Измена - Джонс Джулия (книги .TXT) 📗
— Красиво, правда?
— Просто замечательно, — сказал Джек.
Вода играла у берега, плескаясь, лепеча и сверкая, как кристалл. Две ивы свесили над прудом свои нагие ветви, и где-то в траве слышались первые любовные зовы весны.
Тарисса взяла Джека за руку и подвела его к воде. Скинув башмаки, она попробовала воду пальцем ноги, скривилась и тут же отдернула ступню.
— Она холоднее, чем кажется на вид.
Свет, отражаясь от воды, играл на ее лице. В ореховых глазах плясали золотые искорки под стать нарциссам на берегу. На щеке красовался грязный подтек. Джек снял с себя жилет, окунул в воду и стал осторожно оттирать грязь с ее лица. Кожа Тариссы была теплой и гладкой, как медная лампа, и грязь отошла сразу. Джек занялся ее руками, раздвигая пальцы, чтобы лучше оттереть их. Жилет он то и дело полоскал в воде. Потом настала очередь ног. Джек задрал ей платье до колен и с любовным тщанием начал отмывать лодыжку, пальцы, подъем. Он не останавливался, пока не отмыл все дочиста. Подняв голову, он увидел на ее глазах слезы.
— Что с тобой?
— Прости меня, Джек.
— За что?
Она не ответила, зато нагнулась и поцеловала его. Джек ощутил на губах соленый вкус слез. За что он должен ее прощать? Воспоминание о той ночи, когда они были вместе, сверкнуло в мозгу, и Джек уже не мог остановиться. Все вопросы утратили свой смысл, когда она прильнула к нему. Он обнял ее за талию. В его ладонях колыхался живой соблазн.
Миг спустя она высвободилась — и у Джека осталось чувство, что он, как и в поединке, опять поддался на ее ловкий финт.
— Кем была для тебя Мелли? — спросила она, снова направив его мысли в иное русло.
Джек подумал немного и сказал:
— Другом.
— Она тоже сбежала из дома?
Как Тарисса догадалась? Он ведь не говорил ей, что сбежал. Джек удивлялся обороту, который принял их разговор. Почему Тариссе в этом красивом укромном уголке вздумалось вдруг говорить о прошлом?
— Мы оба боялись оставаться в замке Харвелл. — Он не хотел ей лгать, но и правду сказать был не готов.
— Это как-то связано с тем, что случилось с тобой на днях, когда ты вошел и упал в обморок у очага? — Тарисса взяла его руку в свои. — Я же знаю, Джек, ты не такой, как все. Это стало ясно, как только ты обрушил полку в огонь. Почему ты не хочешь рассказать мне о себе? Неужто правда так ужасна?
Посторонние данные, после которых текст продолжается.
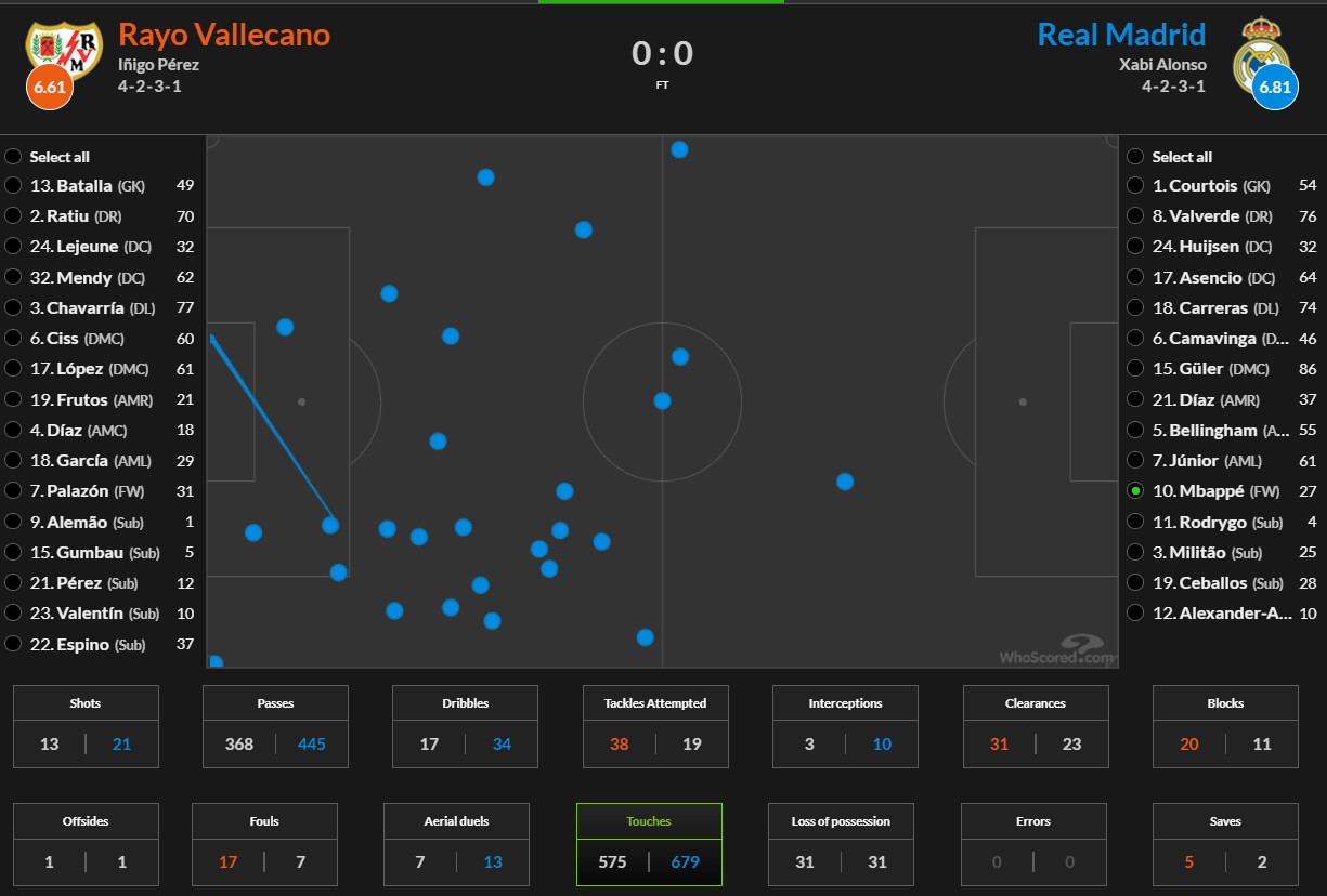 ในสองนัดล่าสุดของเรอัล มาดริด เอ็มบัปเป้ไม่สามารถยิงตรงกรอบได้เลยแม้แต่ครั้งเดียว ขณะที่ทีมเองก็ไม่สามารถทำประตูได้เช่นกัน สิ่งนี้สะท้อนให้เห็นทั้งข้อจำกัดทางแท็คติกของแนวทางของอลอนโซ่ และข้อเท็จจริงที่ว่าตำแหน่งการเล่นของเอ็มบัปเป้ในแดนหน้าตรงกลางได้จำกัดความสามารถของทีมในการดำเนินแผนการเล่นเชิงแท็คติกที่ซับซ้อนมากขึ้น

Джек склонился над прудом. Два лица отражались в воде, и он не сразу понял, которое из них его. В мягком полусумраке рощи оба изображения казались одинаковыми. Он вдруг понял, что ей можно рассказать все. Нет у него человека ближе Тариссы. Она великодушна и добра — он может ей довериться.
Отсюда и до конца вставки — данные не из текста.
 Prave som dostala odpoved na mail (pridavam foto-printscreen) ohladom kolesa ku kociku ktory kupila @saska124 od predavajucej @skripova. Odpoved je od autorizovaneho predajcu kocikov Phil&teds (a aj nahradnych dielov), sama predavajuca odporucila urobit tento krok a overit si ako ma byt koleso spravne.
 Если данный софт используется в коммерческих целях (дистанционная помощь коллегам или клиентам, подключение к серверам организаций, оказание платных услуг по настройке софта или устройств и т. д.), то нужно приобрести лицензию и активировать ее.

— Однажды утром — тому уже несколько месяцев — я сжег первую закладку утренних хлебов. Я пришел в ужас — мастер-пекарь спускал с мальчишек шкуру и за меньшее. У меня заболела голова, а когда я очнулся, то лежал на полу, а сгоревшие хлебы только начали подрумяниваться. — Джек посмотрел на Тариссу — как она воспринимает его рассказ. Она улыбалась мягко и ободряюще, и он продолжил: — Это было колдовство, и мне ничего не оставалось, как только покинуть замок. Иначе меня побили бы камнями. — Это был не конец рассказа, и Тарисса, зная это, не торопила его. — Эти несколько месяцев я испытывал чувство, будто что-то тянет меня за собой. Заводит меня в переделки, над которыми я не властен, заставляет делать что-то помимо воли. Да, что-то влекло меня вперед, но я не знал, куда и зачем. Когда Ровас сказал мне, что Халькус может вступить в войну с Бреном, во мне словно щелкнуло что-то. Мне захотелось все бросить и бежать туда, где воюют. В тот день, когда я захворал, Ровас сказал что-то об империи крови... — Джек помедлил — эти слова и теперь преследовали его. — Тарисса, когда я услышал это, в душе у меня словно повернули нож. Ноги у меня подкосились, и весь мир будто сгрудился вокруг. Я подумал, что схожу с ума. — Теперь его била дрожь — это воспоминание почти невозможно было выразить словами. — Меня словно наказывали за то, что я чего-то не понимаю.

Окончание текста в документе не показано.